Everything I've read on my Yamaha 624 says to use 5W30 oil but the engine sticker says to use 10W30. Anyone else notice this on thier machine? The owners manual and shop manual also indicate 5W30.

I'm using 5W30 but thought this was a little odd.

It never gets super crazy cold where I live, and I do run my blower a few times throughout the summer instead of messing around with storage procedures so maybe I should be running 10W30 anyhow.

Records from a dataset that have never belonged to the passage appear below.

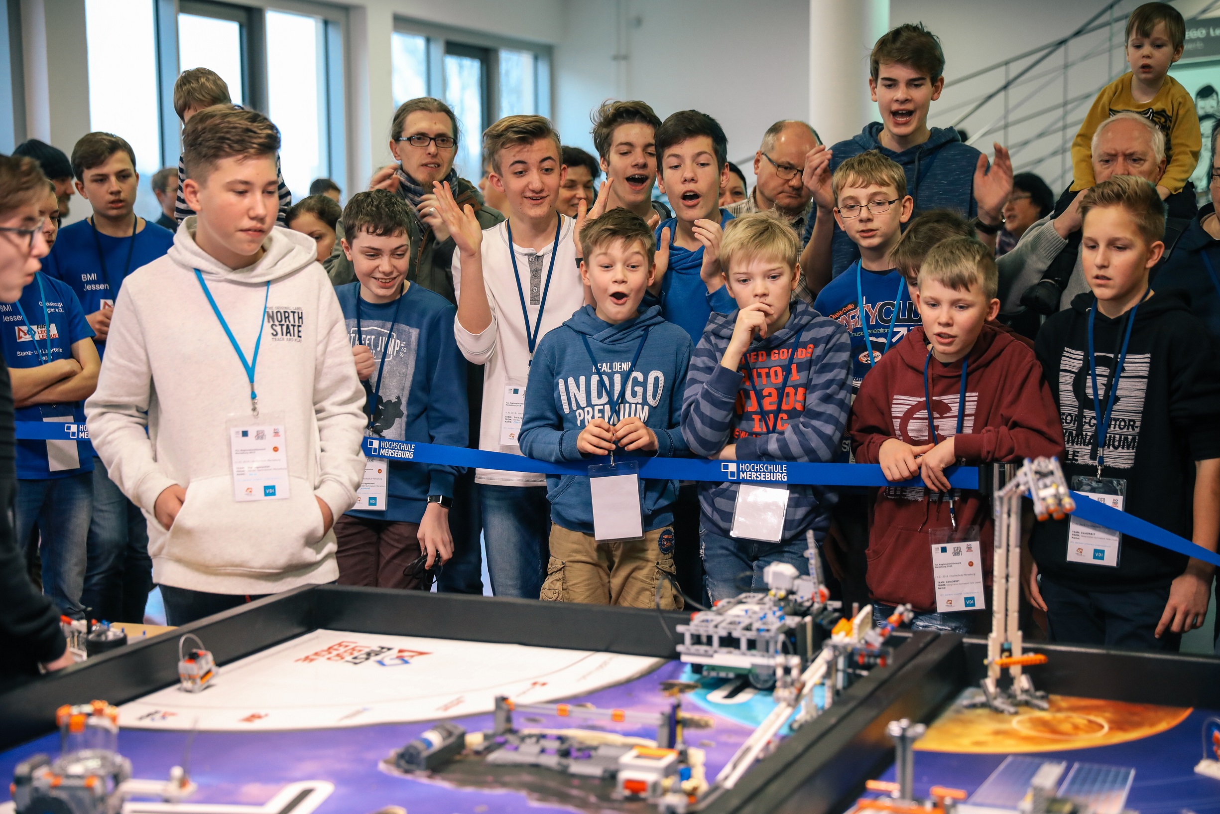 Was im Fußball die Champions League ist, ist in der Welt der Lego- und Robotikfans die "First-Lego-League". Am Freitag, 11. Januar fand an der Hochschule Merseburg ein Regionalwettbewerb in dieser ungewöhnlichen Wettkampfdisziplin statt. Unter dem diesjährigen Thema „INTO ORBIT – Leben und Reisen im Weltraum“ traten 13 Teams mit über 150 Schüler*innen aus Sachsen-Anhalt und Thüringen mit ihren Lego-Robotern - von denen auf einem Spielfeld knifflige Aufgaben gelöst werden mussten - an diesem Tag gegeneinander an. Eröffnet wurde die Veranstaltung von Prof. Jörg Kirbs, Rektor der Hochschule Merseburg und Prof. Heike Mrech, Professorin für Produktionssysteme und CAM und Projektleiterin des FLL-Wettbewerbes an der Hochschule. Beide hießen die Teams herzlich willkommen und wünschten den Schüler*innen viel Spaß und viel Erfolg. Prof. Kirbs ergänzte, dass der Wettbewerb eine „hervorragende Möglichkeit darstellt, sich auf den vielseitigen Berufs des Ingenieurs vorzubereiten“.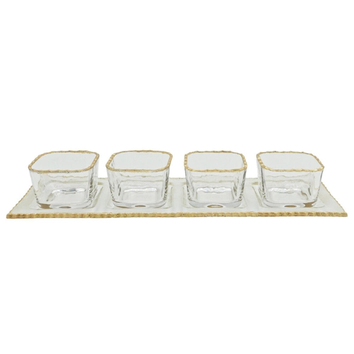 5-delt Glasskålesæt med Guldkant – inkl. Glasbakke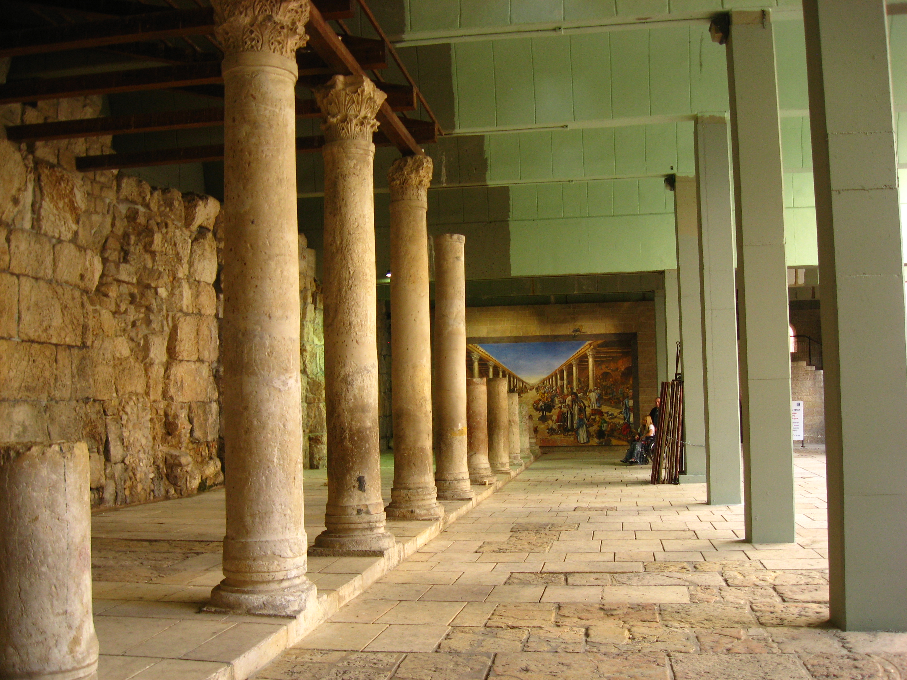 Was also nun? Ich hatte mein Ziel Tempelberg erreicht. Entweder, noch irgendwo was essen wie gestern, oder vielleicht nochmal ins Neue Jerusalem? Erstmal musste ich natürlich wieder mal durch das Labyrith des muslimischen Viertels mit allen seinen Gefahren. Ich kam dann an einer Stelle heraus, wo ich gestern schon einmal war: Am Cardo. Unmittelbar vor der Abzweigung konnte ich ein wenig einer deutschsprachigen Führung zuhören: Demnach wurden große Teile des Jüdischen Viertels im Sechstagekrieg 1967 von der jordanischen Armee zerstört. Als Israel das Jüdische Viertel wieder aufbaute, nutzten Archäologen die Chance, bei der Gelegenheit mal nachzubuddeln, was wohl noch von den Römern übriggeblieben war, die hier ja auch schon mal das Sagen gehabt haben.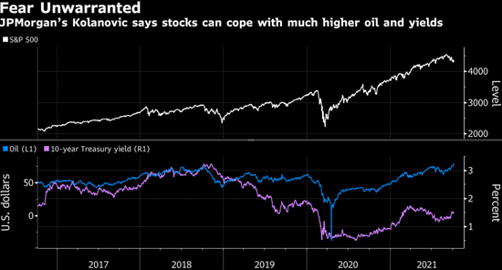 “除非(美国10年期)收益率升至250-300个基点以上,否则我们预计股市不会广泛下跌,而我们预计短期内收益率不会涨这么多,”Kolanovic及其同事在周三客户报告中写道。“我们并不认为当前能源价格会对经济产生重大负面影响。”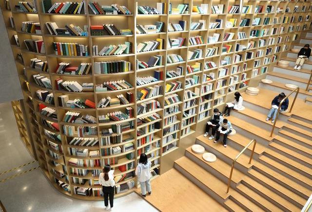 2021年5月2日,读者在安徽省蒙城县图书馆天梯书架旁阅读书籍。新华社发(胡卫国 摄)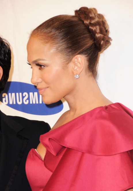 This is a classic braided bun updo hair style. Jennifer Lopez exuded chic elegance with a sophisticated braided bun. She fastened her bun at the crown and twisted her braid around her ponytail.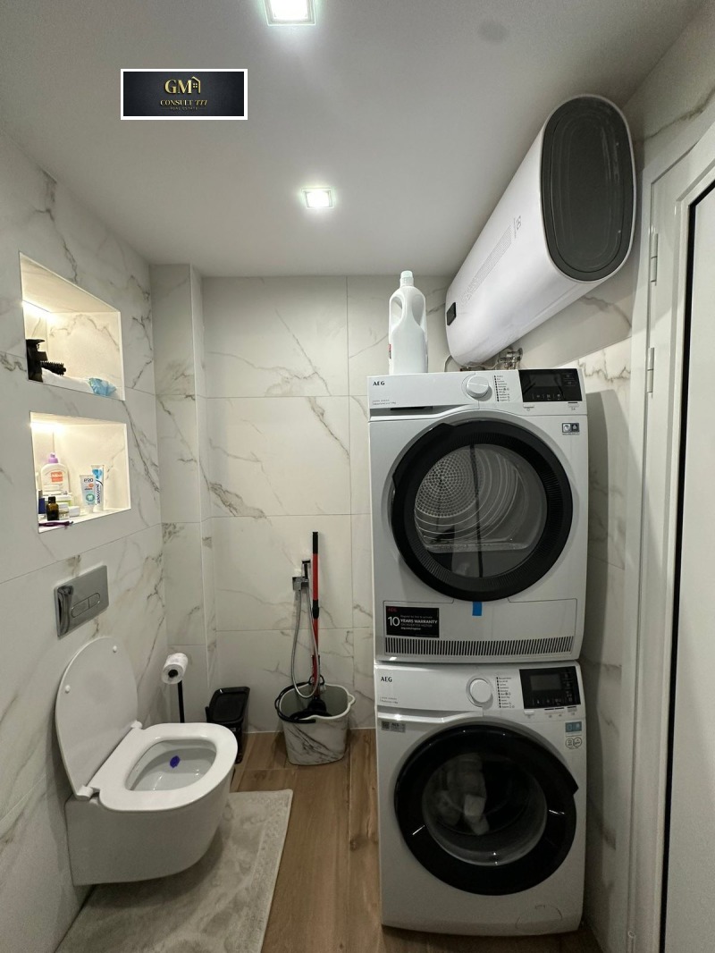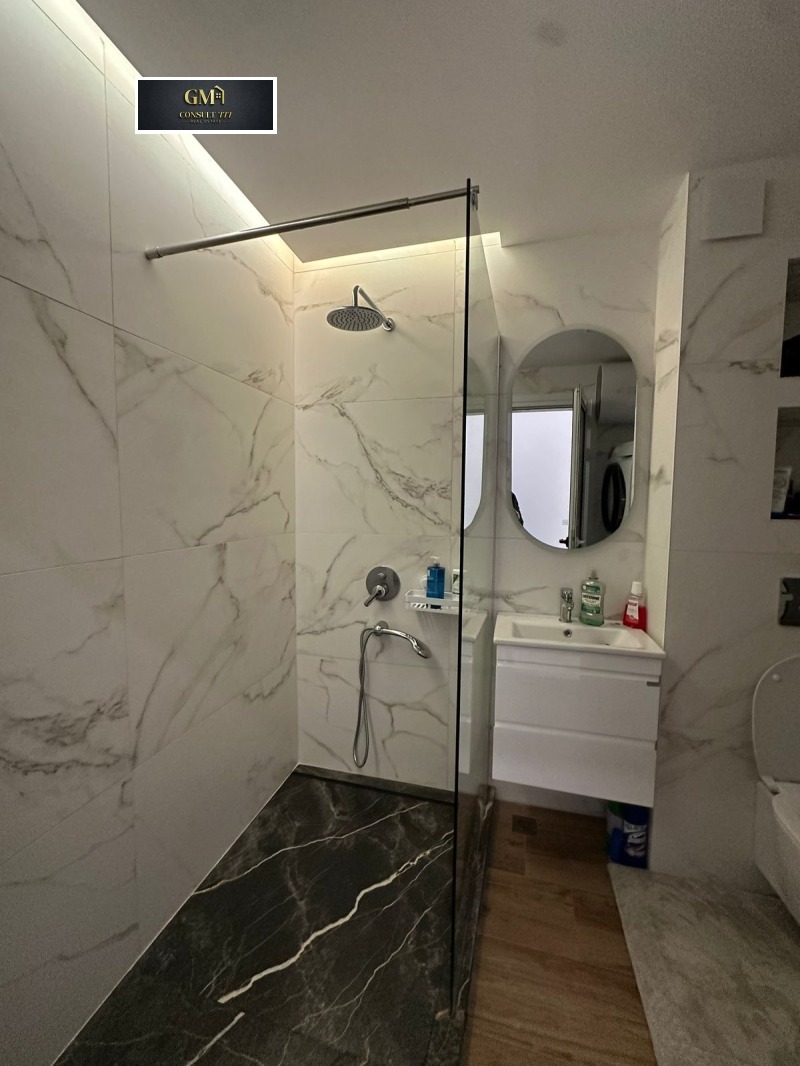Банята с тоалетна е завършена с луксозни облицовки, модерна санитария и стилни детайли, които подчертават високия клас на изпълнение. Подовите настилки в целия апартамент са качествени и създават усещане за завършеност и комфорт.

Sent from my VOG-L04 using Tapatalk


----------



## JLawrence08648 (Jan 15, 2017)

Use synthetic oil and it won't matter, you won't be able to tell the difference in the flow rate at the same temperature. Try it. Leave 5w & 10w out not overnight but several nights on the coldest nights then pour each out. You won't be able to tell the difference.


----------



## nwcove (Mar 2, 2015)

That engine is probably used on other “summer” ope like pressure washers, gensets etc which 10/30 would be appropriate for during summer months.


----------



## deezlfan (Nov 8, 2017)

The engine was probably emissions certified using 10w30 oil in a normal temperature operating range so the label specifies that. I would follow the manual.


----------



## RAOUL225 (Jan 24, 2020)

I always use 5W30 grade in my snowblowers because it offers better cold lubrification and easier starts.


----------



## Oneacer (Jan 3, 2011)

5W30 *Full Synthetic* here in all my equipment ... summer, winter, new and old ...


----------